Solution 1.1 Alternative 1
The easiest way is to experiment around the likely numbers, as the solution will be unique. If 5 goals this has 30 points so 14 points would be needed, too many. Upping to 6 goals this gives 36 points, requiring 8 behinds, and this is the solution.
Solution 1.2 Alternative 2
More formally, if G is the number of goals and B is the number of behinds, then
6G+B=44 ...(1),
because the total point score is 44, and
G+B=14 ...(2),
because the total number of shots is 14. Subtracting (2) from (1) gives 5G=30, i.e. G=6, leaving, from (2), B=14 - 6 = 8, as in Alternative 1.
Example 1.2
Red rose plants are for sale at $3 each and yellow ones for $5 each. A gardener wants to buy a mixture of both types (at least one of each) and decides to buy 13 in total, with more yellow ones than red ones. The number of dollars he spent could be
(A) 51 (B) 67 (C) 65 (D) 58 (E) 57.
Strategy
Because of the finite nature of the problem, the student could canvass all the possibilities, working out the amounts when the number of yellow flowers varies from 7 to 12 inclusive (yielding all odd numbers between 53 and 63 inclusive). However, the problem could be done algebraically. Here, the students are challenged to define suitable variables and construct the necessary functions.
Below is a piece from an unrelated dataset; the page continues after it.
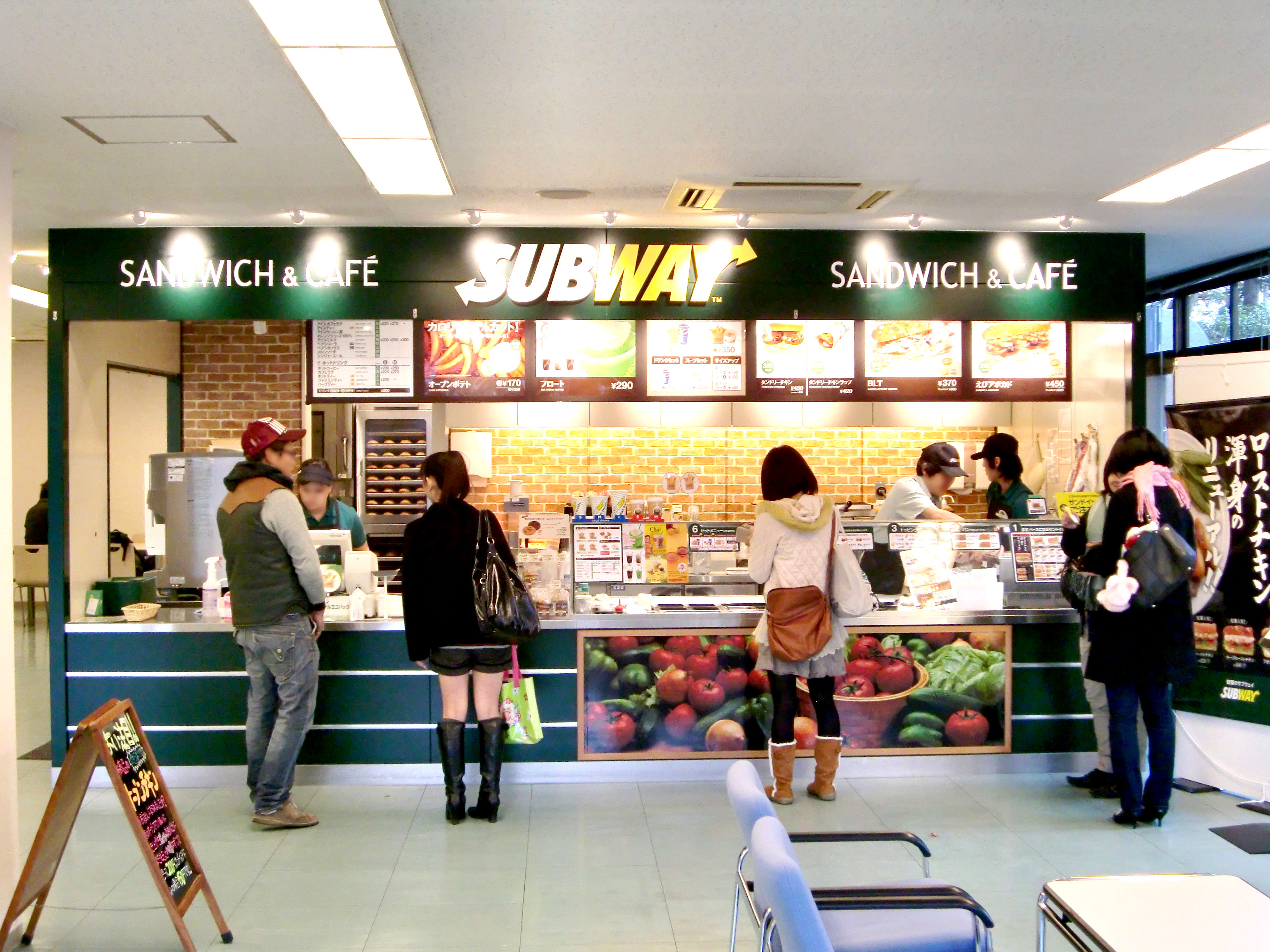 SUBWAY Ritsumeikan University Kinugasa,Tojiinkitamachi Kita-ku Kyoto-City JAPAN.

Logical thinking, along with strict attention to the conditions of the problem, will lead students of average ability to the solution.
Solution 1.2 Alternative 1
Suppose the gardener buys x red rose plants, and hence 13-x yellow ones (1≤ x≤ 6 since there is at least one of each type and there are more yellow ones than red ones). Then the total amount of money, in dollars, which is spent, is 3x+5(13-x)=65-2x (remembering 1≤ x≤ 6).
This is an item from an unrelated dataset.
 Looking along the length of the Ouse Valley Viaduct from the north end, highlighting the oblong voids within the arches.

The possible numbers of dollars are thus 63, 61, 59, … , 55, 53. The only answer of these on the offered list is 57, hence the answer is (E).
Solution 1.2 Alternative 2
Or we can directly list the 6 obvious allowed cases and calculate the cost of each.
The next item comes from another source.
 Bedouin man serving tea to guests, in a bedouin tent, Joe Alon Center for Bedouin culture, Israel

12 yellow, 1 red, cost = 12 x 5 + 1 x 3 = 63,
11 yellow, 2 red, cost = 11 x 5 + 2 x 3 = 61,
10 yellow, 3 red, cost = 10 x 5 + 3 x 3 = 59,
9 yellow, 4 red, cost = 9 x 5 + 4 x 3 = 57,
8 yellow, 5 red, cost = 8 x 5 + 5 x 3 = 55,
7 yellow, 6 red, cost = 7 x 5 + 6 x 3 = 53.
The only answer of these on the offered list is 57, hence the answer is (E).